Michael Haaren, co-founder and COO of Staffcentrix, co-authored The 2-Second Commute, recently published by Career Press. (See In Print section). A primer for “free agents” who would like to work from home, the book is based on groundbreaking virtual career training programs that Haaren co-developed for U. S. military spouses and which are now available at some 50 military installations internationally. An expert on virtual services and advocate of stronger families through home-based careers, Haaren appears often in such media as Forbes, Fortune and The Wall Street Journal. His company, Staffcentrix, was recently awarded a contract by the Department of State to train Foreign Service spouses as “virtual professionals.”

Quarles & Brady announced Ely A. Leichtling as one of five of its Milwaukee-based labor and employment law attorneys selected by peer review for inclusion in Best Lawyers in America 2006. Because listings are based on the votes of other lawyers and cannot be solicited, inclusion in Best Lawyers is considered a particular honor.

A. Inge Selden is included in Best Lawyers in America 2006 for his specialty in commercial litigation at Maynard, Cooper & Gale in Birmingham, Ala.

Roy L. Smart III was selected for inclusion in Best Lawyers in America 2006 listing for his specialty in corporate law with Parker Poe Adams & Bernstein in Charlotte, N.C.

Elaine WhitbeckAfter 20 years with the corporation, Elaine Whitbeck was recently promoted to Senior Vice President, Chief Legal Officer/General Counsel and Corporate Secretary of Alcon Laboratories, Inc., where she is responsible for all legal matters.
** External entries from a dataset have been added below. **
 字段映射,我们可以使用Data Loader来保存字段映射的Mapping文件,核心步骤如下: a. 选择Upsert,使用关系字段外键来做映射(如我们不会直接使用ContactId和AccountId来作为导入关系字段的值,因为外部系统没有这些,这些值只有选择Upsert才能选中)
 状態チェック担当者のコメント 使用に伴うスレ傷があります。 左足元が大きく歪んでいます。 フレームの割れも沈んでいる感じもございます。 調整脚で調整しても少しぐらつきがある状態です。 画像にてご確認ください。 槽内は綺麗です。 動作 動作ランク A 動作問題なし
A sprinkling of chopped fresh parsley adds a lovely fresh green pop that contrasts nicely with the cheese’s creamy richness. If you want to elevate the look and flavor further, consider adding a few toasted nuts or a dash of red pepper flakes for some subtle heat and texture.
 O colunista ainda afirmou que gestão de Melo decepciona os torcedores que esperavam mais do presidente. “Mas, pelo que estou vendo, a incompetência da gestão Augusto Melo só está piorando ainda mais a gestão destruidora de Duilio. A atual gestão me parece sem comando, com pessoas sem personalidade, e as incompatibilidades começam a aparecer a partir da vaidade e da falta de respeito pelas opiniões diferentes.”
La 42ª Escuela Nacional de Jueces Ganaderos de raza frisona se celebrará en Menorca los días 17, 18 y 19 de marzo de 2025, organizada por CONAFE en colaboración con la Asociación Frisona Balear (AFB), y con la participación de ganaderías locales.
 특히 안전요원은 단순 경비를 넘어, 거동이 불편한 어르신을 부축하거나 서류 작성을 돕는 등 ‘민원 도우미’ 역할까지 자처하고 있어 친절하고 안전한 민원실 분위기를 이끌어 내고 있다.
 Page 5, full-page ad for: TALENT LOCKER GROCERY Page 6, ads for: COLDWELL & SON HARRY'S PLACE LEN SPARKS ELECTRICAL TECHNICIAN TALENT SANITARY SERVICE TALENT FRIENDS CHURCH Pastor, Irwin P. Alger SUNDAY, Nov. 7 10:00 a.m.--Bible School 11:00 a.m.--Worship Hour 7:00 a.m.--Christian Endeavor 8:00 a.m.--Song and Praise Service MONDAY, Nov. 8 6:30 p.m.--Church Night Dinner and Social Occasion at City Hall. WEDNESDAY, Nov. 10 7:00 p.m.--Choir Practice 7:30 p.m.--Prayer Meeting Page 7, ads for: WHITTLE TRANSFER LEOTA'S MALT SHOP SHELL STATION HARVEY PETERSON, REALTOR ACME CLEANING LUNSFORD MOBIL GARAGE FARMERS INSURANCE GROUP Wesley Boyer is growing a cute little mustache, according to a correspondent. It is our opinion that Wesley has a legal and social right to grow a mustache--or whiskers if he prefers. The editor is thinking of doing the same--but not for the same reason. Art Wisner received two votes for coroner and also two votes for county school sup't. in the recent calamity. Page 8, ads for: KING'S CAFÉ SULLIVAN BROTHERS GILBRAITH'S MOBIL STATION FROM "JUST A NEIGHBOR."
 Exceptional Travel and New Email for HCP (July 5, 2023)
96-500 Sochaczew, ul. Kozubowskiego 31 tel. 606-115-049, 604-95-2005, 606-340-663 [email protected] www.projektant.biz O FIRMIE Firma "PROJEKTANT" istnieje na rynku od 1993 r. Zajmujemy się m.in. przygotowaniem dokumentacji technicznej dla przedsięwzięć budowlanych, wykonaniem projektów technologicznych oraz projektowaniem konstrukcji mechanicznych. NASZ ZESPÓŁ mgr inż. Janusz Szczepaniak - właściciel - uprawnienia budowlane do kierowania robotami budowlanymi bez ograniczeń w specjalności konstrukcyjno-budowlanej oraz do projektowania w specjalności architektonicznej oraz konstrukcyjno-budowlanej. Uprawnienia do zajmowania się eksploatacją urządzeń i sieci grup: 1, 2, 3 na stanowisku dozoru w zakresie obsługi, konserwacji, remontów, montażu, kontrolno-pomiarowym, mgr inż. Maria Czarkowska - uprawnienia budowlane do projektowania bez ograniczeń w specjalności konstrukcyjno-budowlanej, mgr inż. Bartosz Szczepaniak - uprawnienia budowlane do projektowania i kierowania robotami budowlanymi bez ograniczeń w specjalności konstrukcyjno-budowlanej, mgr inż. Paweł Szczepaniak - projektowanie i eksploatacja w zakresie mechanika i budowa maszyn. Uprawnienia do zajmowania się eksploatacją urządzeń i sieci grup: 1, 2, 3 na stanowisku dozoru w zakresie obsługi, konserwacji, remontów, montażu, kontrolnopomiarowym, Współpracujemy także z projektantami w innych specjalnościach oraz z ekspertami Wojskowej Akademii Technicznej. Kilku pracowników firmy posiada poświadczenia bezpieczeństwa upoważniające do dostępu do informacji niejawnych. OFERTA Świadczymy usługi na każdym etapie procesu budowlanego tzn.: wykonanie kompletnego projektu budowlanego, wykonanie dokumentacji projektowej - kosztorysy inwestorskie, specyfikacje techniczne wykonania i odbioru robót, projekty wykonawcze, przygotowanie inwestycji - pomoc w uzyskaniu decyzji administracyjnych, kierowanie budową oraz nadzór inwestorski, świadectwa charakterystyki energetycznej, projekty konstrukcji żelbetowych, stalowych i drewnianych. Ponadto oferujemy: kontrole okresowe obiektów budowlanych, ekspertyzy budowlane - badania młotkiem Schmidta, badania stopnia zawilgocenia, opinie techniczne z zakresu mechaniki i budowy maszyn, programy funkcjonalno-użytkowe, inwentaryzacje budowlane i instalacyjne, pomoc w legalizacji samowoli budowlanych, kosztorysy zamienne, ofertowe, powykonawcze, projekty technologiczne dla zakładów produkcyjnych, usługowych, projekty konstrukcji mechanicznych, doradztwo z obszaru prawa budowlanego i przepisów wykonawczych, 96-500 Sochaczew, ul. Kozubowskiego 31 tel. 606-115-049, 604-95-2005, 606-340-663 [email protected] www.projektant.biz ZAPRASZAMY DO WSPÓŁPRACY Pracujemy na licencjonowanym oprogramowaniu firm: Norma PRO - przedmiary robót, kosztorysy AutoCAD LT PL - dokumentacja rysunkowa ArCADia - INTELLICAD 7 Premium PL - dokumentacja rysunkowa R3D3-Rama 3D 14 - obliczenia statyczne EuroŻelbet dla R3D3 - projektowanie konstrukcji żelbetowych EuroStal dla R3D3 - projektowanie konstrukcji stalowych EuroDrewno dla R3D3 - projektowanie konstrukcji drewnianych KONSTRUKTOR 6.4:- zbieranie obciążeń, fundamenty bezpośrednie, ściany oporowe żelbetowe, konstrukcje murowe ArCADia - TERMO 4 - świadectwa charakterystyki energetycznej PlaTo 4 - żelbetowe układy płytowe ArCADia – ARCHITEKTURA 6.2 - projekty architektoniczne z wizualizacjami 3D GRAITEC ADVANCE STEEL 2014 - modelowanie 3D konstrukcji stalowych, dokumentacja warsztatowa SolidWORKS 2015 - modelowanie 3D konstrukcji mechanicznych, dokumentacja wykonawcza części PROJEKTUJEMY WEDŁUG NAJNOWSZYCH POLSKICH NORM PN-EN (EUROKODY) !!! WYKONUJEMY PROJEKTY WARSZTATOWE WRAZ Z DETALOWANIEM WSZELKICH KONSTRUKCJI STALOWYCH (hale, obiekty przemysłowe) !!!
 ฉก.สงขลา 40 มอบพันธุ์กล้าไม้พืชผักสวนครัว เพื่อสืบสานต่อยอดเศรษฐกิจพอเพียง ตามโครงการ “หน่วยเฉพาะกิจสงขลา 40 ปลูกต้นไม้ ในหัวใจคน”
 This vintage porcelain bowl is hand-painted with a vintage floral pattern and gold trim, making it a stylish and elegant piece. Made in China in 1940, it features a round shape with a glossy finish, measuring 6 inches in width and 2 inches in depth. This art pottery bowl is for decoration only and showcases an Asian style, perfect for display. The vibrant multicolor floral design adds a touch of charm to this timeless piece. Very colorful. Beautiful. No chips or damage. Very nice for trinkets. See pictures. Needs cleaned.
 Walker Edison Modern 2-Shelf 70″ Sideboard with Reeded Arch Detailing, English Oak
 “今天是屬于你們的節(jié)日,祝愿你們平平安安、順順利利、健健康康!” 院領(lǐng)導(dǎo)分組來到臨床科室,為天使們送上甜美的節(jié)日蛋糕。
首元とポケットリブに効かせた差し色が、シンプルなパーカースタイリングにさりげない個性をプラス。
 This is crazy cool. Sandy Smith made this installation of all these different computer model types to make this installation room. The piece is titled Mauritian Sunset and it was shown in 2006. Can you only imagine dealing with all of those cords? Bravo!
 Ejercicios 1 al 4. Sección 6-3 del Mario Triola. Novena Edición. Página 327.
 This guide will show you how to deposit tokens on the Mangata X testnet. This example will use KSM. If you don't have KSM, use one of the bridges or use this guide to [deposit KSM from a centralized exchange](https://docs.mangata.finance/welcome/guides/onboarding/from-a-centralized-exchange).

Alcon is the world’s largest ophthalmic pharmaceutical company and its stock is traded on NYSE.

Jack H. White has been appointed Senior Vice President and General Counsel of the Domestic Telecom division of Verizon Communications. He will be based in Verizon’s newly opened corporate headquarters in Basking Ridge, N.J., but he and his wife Marianna, plan to maintain their family residence in Northern Virginia, where their two sons, Ian and Winston, attend school.